◆ **GIVEN INFORMATION**:
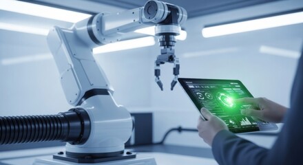 Robotic Arm Controlled by Tablet with Green Interface in Clean Industrial Setting
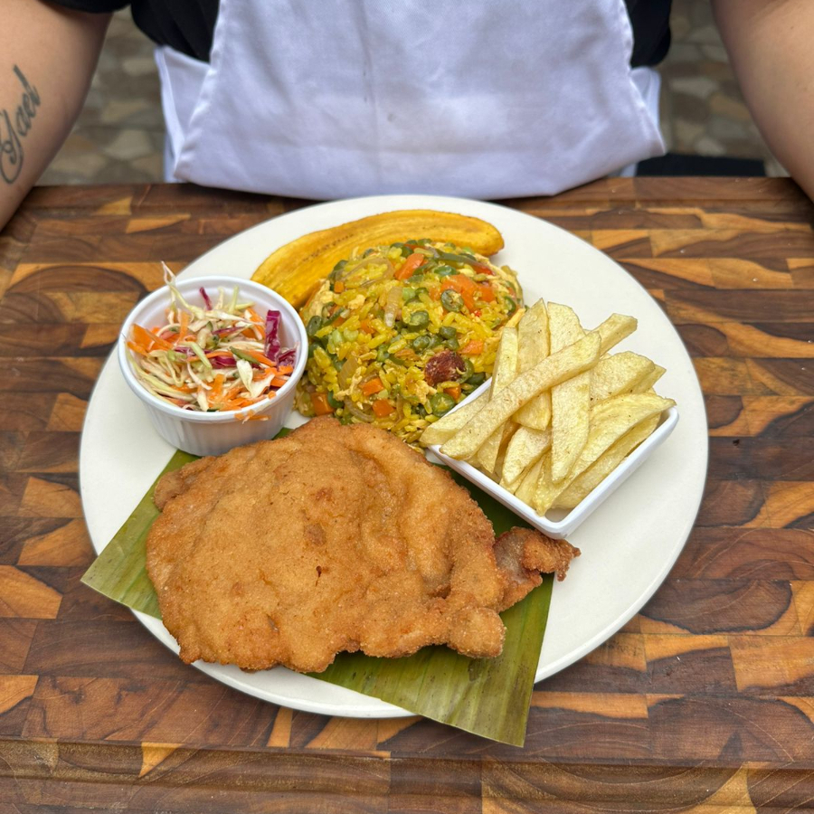 chuleta valluna /cerdo/pollo/ acompañada con arroz blanco, maduro frito, ensalada fresca, sopa del día, principio del día.
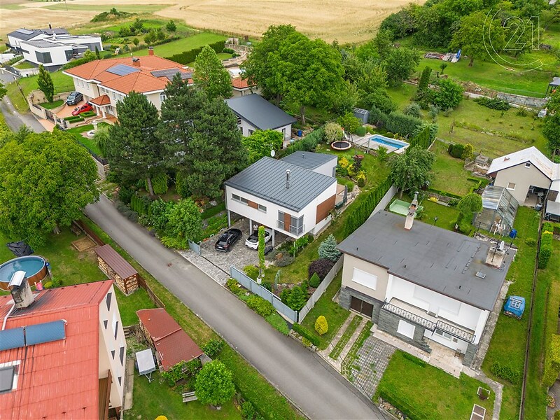 Nabízíme k prodeji exkluzivní rodinný dům, který v sobě spojuje luxus, moderní design a nízké provozní náklady. Tato nemovitost, kolaudovaná v roce 2013, byla postavena z masivních KLH profilů z Rakouska, což zaručuje její mimořádnou kvalitu a dlouhou životnost. Celková užitná plocha domu o dispozici 4+kk je 151m² a je promyšleně rozvržena tak, aby poskytovala maximální komfort pro celou rodinu. Zastavěná plocha činí 132m². Dům se skládá z přízemí, které nabízí vstupní chodbu a technickou místnost s dostatkem úložného prostoru. Po elegantních dřevěných schodech se dostanete do prvního podlaží, kde se nachází celá obytná část. Srdcem domu je prostorný obývací pokoj s krbovými kamny, která jsou napojená na topný systém a významně snižují náklady na vytápění. Z obývacího pokoje je plynulý přechod do kuchyně, kde najdete rohovou linku na míru se špičkovými vestavěnými spotřebiči – myčkou, lednicí, kávovarem a parní troubou. Vytápění a ohřev teplé vody zajišťuje elektrický kotel a teplota se dá regulovat v každém pokoji samostatně. Celkové měsíční náklady na bydlení se pohybují mezi 6000 8000 Kč. V domě je navíc instalován systém splachování toalet vodou ze studny, což přispívá k dalším úsporám. Každý pokoj v domě disponuje francouzským oknem se vstupem přímo na zahradu. Dům stojí na pozemku o celkové rozloze 683m², z čehož 551m² tvoří nádherná, oplocená a udržovaná zahrada se vzrostlými stromy a keři, která poskytuje dostatek soukromí. Na zahradě se nachází bazén se slanou vodou (6x3 m, hloubka 1,5 m) s tepelným čerpadlem, které prodlužuje koupací sezónu. Pohodovou atmosféru doplňuje terasa z bezúdržbových profilů Wood Plastic, ideální pro letní posezení. Zahrada je vybavena zavlažovacím systémem Sprigler, napojeným na studnu. Dům se nachází v klidné lokalitě Vlčnov, místní části obce Starý Jičín, ve vzdálenosti cca 1 km od náměstí obce. Zde najdete širokou občanskou vybavenost včetně pošty, potravin, restaurace, pekárny, ordinace lékaře a autobusové zastávky s pravidelným spojením do okolních měst a obcí. V obci se také nachází škola i školka. Nájezd na dálnici je vzdálený pouhé 2 km. Kvalitní střešní krytina od švédské značky RUUKKI, venkovní žaluzie Climax pro optimální regulaci teploty a světla a lepený vinyl na podlahách, který je vysoce odolný a snadný na údržbu. Celý pozemek je ohraničen žárově pozinkovaným plotem a bránou, což zaručuje dlouhou životnost a minimální údržbu. Vestavěný nábytek od značky Vynab dodává interiéru elegantní a jednotný vzhled. Dům navíc disponuje malou půdou pro úložné prostory. Tento dům je ideální volbou pro ty, kteří hledají moderní a komfortní bydlení bez kompromisů. Je připraven k okamžitému nastěhování. Doporučujeme shlédnout naši 3D prohlídku tohoto domu, kde se dokonale seznámíte s jeho dispozicí a stavem z pohodlí Vašeho soukromí. Pro více informací a domluvení prohlídky kontaktujte prosím makléře Petra.

◆ **TASK TO CARRY OUT**: What you return must match the material above exactly, apart from its pictures.

◆ **EXERCISE SOLUTION**:
 Robotic Arm Controlled by Tablet with Green Interface in Clean Industrial Setting
 chuleta valluna /cerdo/pollo/ acompañada con arroz blanco, maduro frito, ensalada fresca, sopa del día, principio del día.
 Nabízíme k prodeji exkluzivní rodinný dům, který v sobě spojuje luxus, moderní design a nízké provozní náklady. Tato nemovitost, kolaudovaná v roce 2013, byla postavena z masivních KLH profilů z Rakouska, což zaručuje její mimořádnou kvalitu a dlouhou životnost. Celková užitná plocha domu o dispozici 4+kk je 151m² a je promyšleně rozvržena tak, aby poskytovala maximální komfort pro celou rodinu. Zastavěná plocha činí 132m². Dům se skládá z přízemí, které nabízí vstupní chodbu a technickou místnost s dostatkem úložného prostoru. Po elegantních dřevěných schodech se dostanete do prvního podlaží, kde se nachází celá obytná část. Srdcem domu je prostorný obývací pokoj s krbovými kamny, která jsou napojená na topný systém a významně snižují náklady na vytápění. Z obývacího pokoje je plynulý přechod do kuchyně, kde najdete rohovou linku na míru se špičkovými vestavěnými spotřebiči – myčkou, lednicí, kávovarem a parní troubou. Vytápění a ohřev teplé vody zajišťuje elektrický kotel a teplota se dá regulovat v každém pokoji samostatně. Celkové měsíční náklady na bydlení se pohybují mezi 6000 8000 Kč. V domě je navíc instalován systém splachování toalet vodou ze studny, což přispívá k dalším úsporám. Každý pokoj v domě disponuje francouzským oknem se vstupem přímo na zahradu. Dům stojí na pozemku o celkové rozloze 683m², z čehož 551m² tvoří nádherná, oplocená a udržovaná zahrada se vzrostlými stromy a keři, která poskytuje dostatek soukromí. Na zahradě se nachází bazén se slanou vodou (6x3 m, hloubka 1,5 m) s tepelným čerpadlem, které prodlužuje koupací sezónu. Pohodovou atmosféru doplňuje terasa z bezúdržbových profilů Wood Plastic, ideální pro letní posezení. Zahrada je vybavena zavlažovacím systémem Sprigler, napojeným na studnu. Dům se nachází v klidné lokalitě Vlčnov, místní části obce Starý Jičín, ve vzdálenosti cca 1 km od náměstí obce. Zde najdete širokou občanskou vybavenost včetně pošty, potravin, restaurace, pekárny, ordinace lékaře a autobusové zastávky s pravidelným spojením do okolních měst a obcí. V obci se také nachází škola i školka. Nájezd na dálnici je vzdálený pouhé 2 km. Kvalitní střešní krytina od švédské značky RUUKKI, venkovní žaluzie Climax pro optimální regulaci teploty a světla a lepený vinyl na podlahách, který je vysoce odolný a snadný na údržbu. Celý pozemek je ohraničen žárově pozinkovaným plotem a bránou, což zaručuje dlouhou životnost a minimální údržbu. Vestavěný nábytek od značky Vynab dodává interiéru elegantní a jednotný vzhled. Dům navíc disponuje malou půdou pro úložné prostory. Tento dům je ideální volbou pro ty, kteří hledají moderní a komfortní bydlení bez kompromisů. Je připraven k okamžitému nastěhování. Doporučujeme shlédnout naši 3D prohlídku tohoto domu, kde se dokonale seznámíte s jeho dispozicí a stavem z pohodlí Vašeho soukromí. Pro více informací a domluvení prohlídky kontaktujte prosím makléře Petra.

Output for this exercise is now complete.